Managing Tourist Behavior

Tourism vessels at Laughing Bird Caye, Belize. Photo © Benedict Kim

Strategies for Shifting Tourist Behavior to Better Meet Local Resilience Goals

Tourist behaviors can negatively impact the local environment and communities. Direct negative impacts from tourists at reef sites can include trampling of corals and dunes, increased pollution, boat-related damage including anchor damage, vessel groundings, or collisions with marine species, and the introduction of invasive species. Changing tourist behavior and eventually shifting social norms at sites can minimize the negative environmental impacts of tourism and optimize benefits for reefs and local communities.

Topics explored during the 2021 Solution Exchange included potential methods for persuading, motivating, or otherwise enabling tourists to change their behavior.

Key Takeaways

  • It is important to understand what is meant by behavior. Behavior is an observable action – what you see someone doing – but often people confuse this with attitudes, awareness, feelings, values, or identity. Therefore, behavior change is seeing a change in someone’s actions.
  • Small incremental steps over the long term are required to change people’s behavior and shift social norms. Reef managers can help make these changes by focusing on people’s actions. There are many things that influence people’s behavior, including attitudes, capability, opportunity, social norms, and the unconscious influences: context, biases, emotions, and habits. Therefore, just because you inform or educate someone does not mean they will change their behavior.
  • Identify and define the exact behaviors you want to change. Keep drilling down and be specific (i.e., who, where, when, what) about the behavior as this helps target it.
  • Understand the behaviors, the drivers behind them, and the perspectives of the people whose actions you are trying to change. What motivates you to behave in a certain way may not motivate someone else who has different life experiences. Try to understand the behavior from the audience’s perspective, and then design a behavior change program that matches what we understand now from the audience’s perspective.
  • To help change people’s behavior: 1) Keep messaging simple and focus on outcomes instead of complex science, 2) Use local champions (e.g., church leaders or well-known people from the community), and 3) Use pledges (or something similar) to make the message mainstream. See examples of opens in a new windowbehavior change campaigns and watch a webinar on the 4Fiji Campaign.
  • Continually promote best practices in the community. It is critical to repeatedly promote best practices and have a sustained dialogue to effectively embed messages into the communities and shift social norms. This can be done on several different platforms, and if this is done successfully, eventually behavior change funding should no longer be required.
  • Encourage outreach in local schools. To effectively utilize students, be specific about the type of behavior you want to change because children can be influential at changing certain behaviors in adults, but not others.
  • Local and international/distant tourists will respond to different messages. Local visitors might respond better to messages about the value and identity of the place, while international/distant tourists might respond better to messages about improving their visitor experience.

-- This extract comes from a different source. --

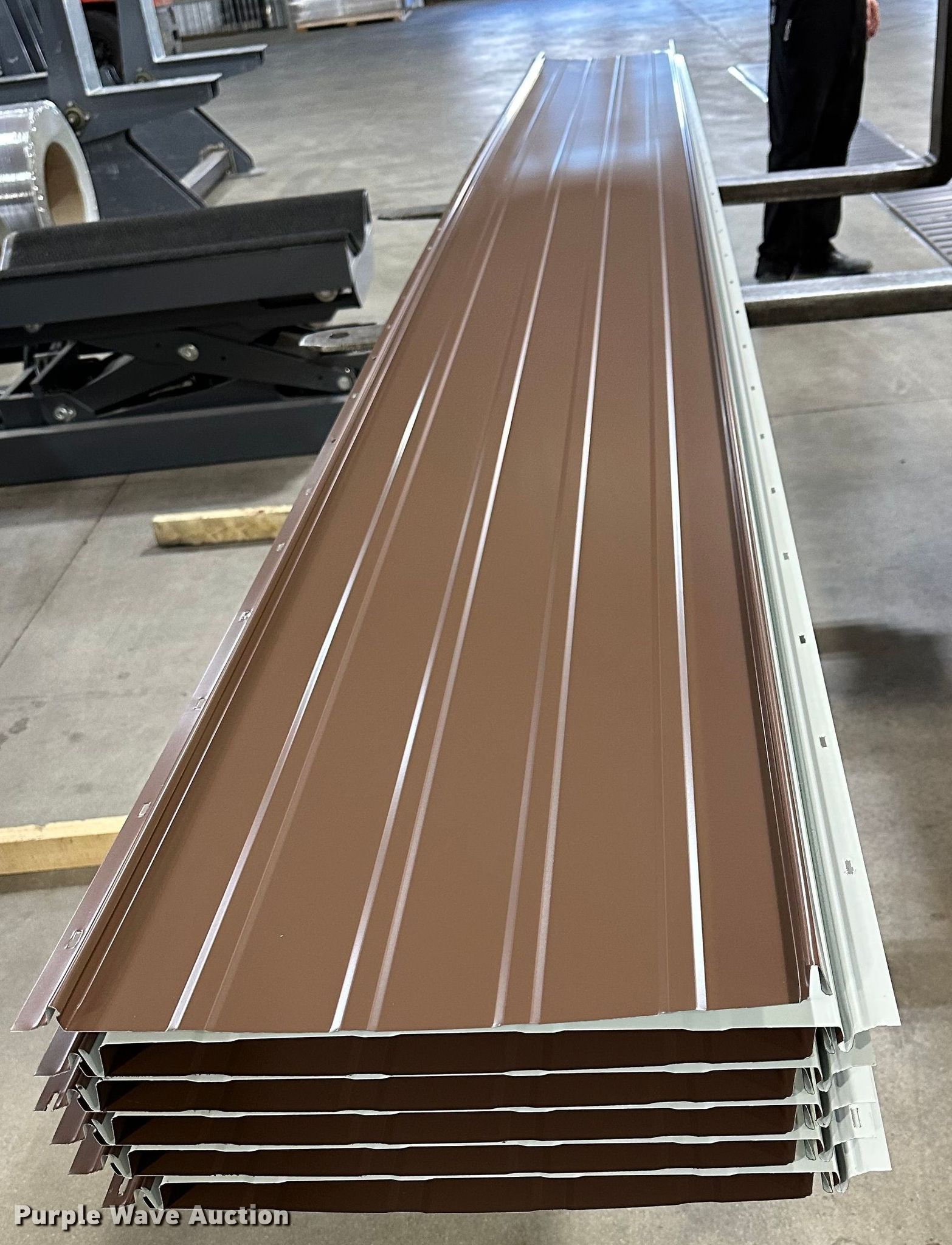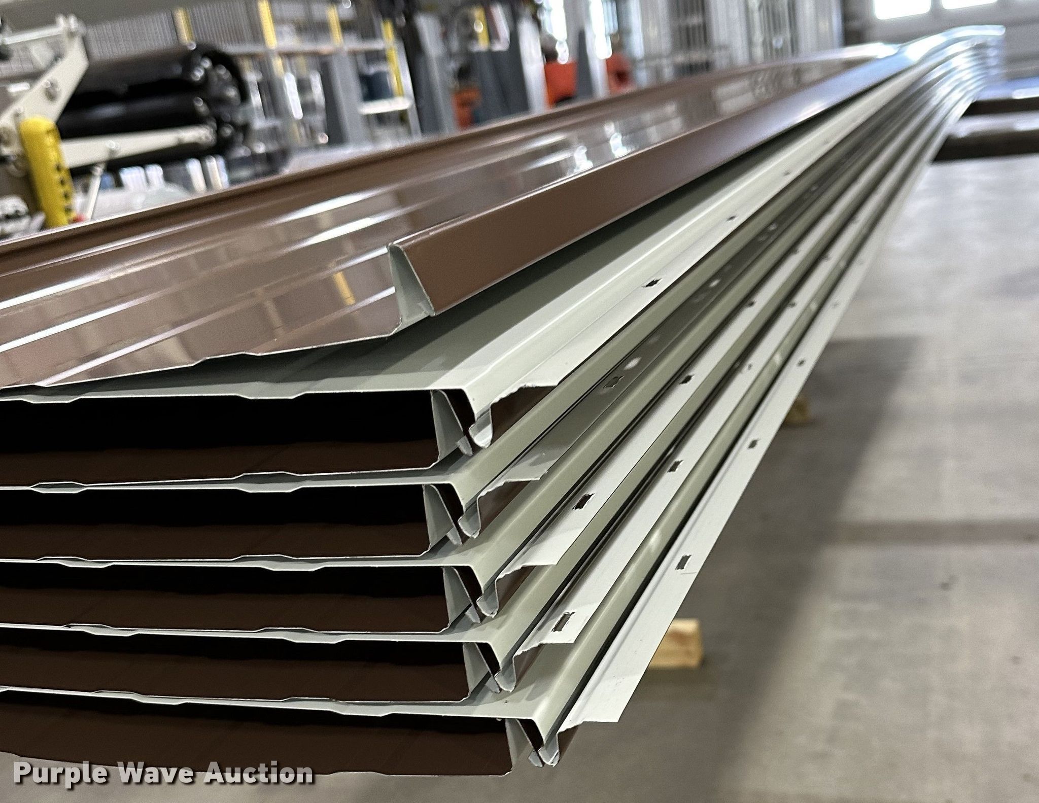 Purple Wave is selling a used Building Materials in North Dakota. This item is a (49) sheets of metal siding/roofing with the following: (11) 14' 3" X 36", (38) 10' X 36", Snap lock panel, 29 gauge, Color: Brown, Possible blemishes, Unused

Spotlight on New Caledonia

How can we develop our tourism sector sustainably?

arial view of new caledonia

Photo © Amy Armstrong

The Lagoons of New Caledonia in the South Pacific has 1,574,300 ha of reef and became a UNESCO World Heritage site in 2008. While tourism is earmarked to be an important future driver of the economy, it is currently a relatively little developed industry making up only approximately 4.1% of New Caledonia’s gross national product.

New Caledonia is looking for creative ways to grow their tourism sector to generate income and support livelihoods in a sustainable way. While growing the tourism sector, New Caledonia stakeholders want to ensure they maintain the ecological and cultural values of the many islands. Part of this challenge is to develop ways to persuade visitors to behave in a respectable manner around significant cultural and ecological sites.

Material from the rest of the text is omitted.